The people who are confused by this sort of thing are those newly leaving Scientology, or trying to leave. This is why it's necessary to explain what's happening - for their benefit, so as to reduce their confusion.

Deception is built in to Scientology. There have always been "many Scientologies." That's the way Hubbard planned it. Read his 'Manual on Dissemination of Material' of 1955. Each person or "public" is to be shown a selected few bits and pieces of Scientology and told "That's Scientology."

And if Scientology is cornered, and in a tight spot, it will hurriedly cherry pick certain PR quotes from Hubbard about love and understanding and how people should think for themselves, etc.; and if that doesn't mollify the "homo saps," then the next approach will be to explain that Scientology is so vast that it can't really be understood by anyone, or pinned down on anything.

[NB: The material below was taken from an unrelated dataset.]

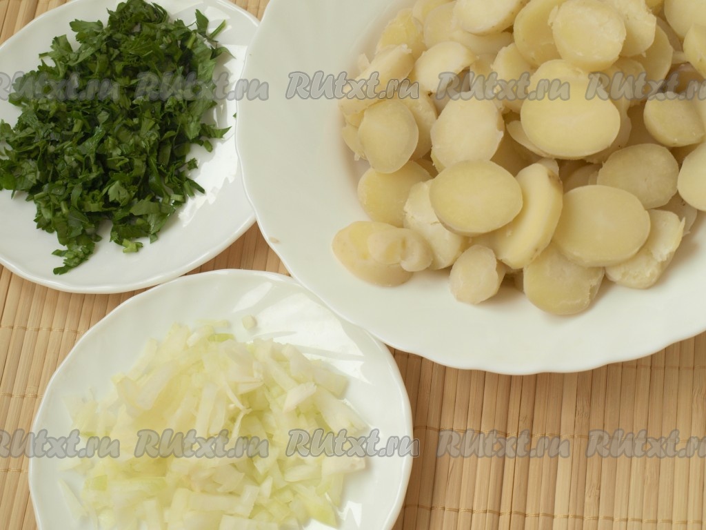 Для этого немецкого салата лучше взять мелкий картофель. Сварить его в мундире, остудить и очистить. Нарезать картофель толстыми кружочками, измельчить петрушку и лук.
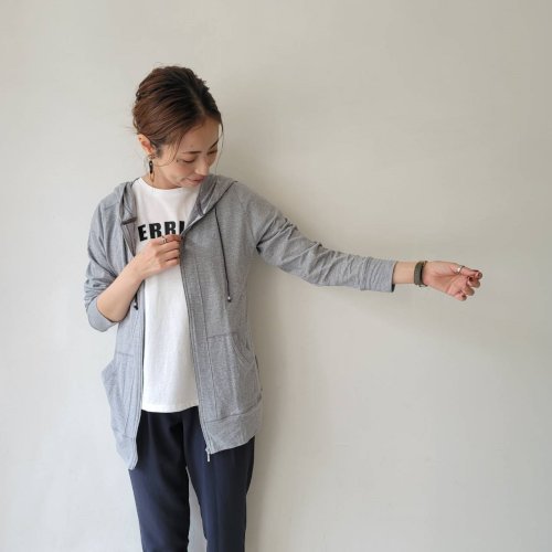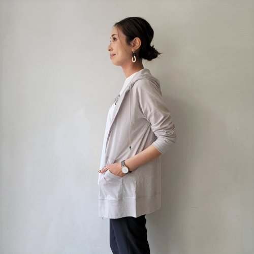 柔らかい天竺生地で、パーカーって結構珍しいかもなあって思います。

It's the ultimate slippery thief who insists, with a smirk, after being caught, "Hey man, you can't prove it!"

Creepy.

Too bad for the thief, but Scientology has been decoded and is understood.

There is ONE Scientology.

yellowonion.jpg


All the tricks have been exposed, and are known to anyone interested - well, known to anyone except the Scientologists who are busy going

:blah:

and to struggling nascent ex-Scientologists,

Which is why, as tedious as it sometimes is, it's necessary to explain what's happening.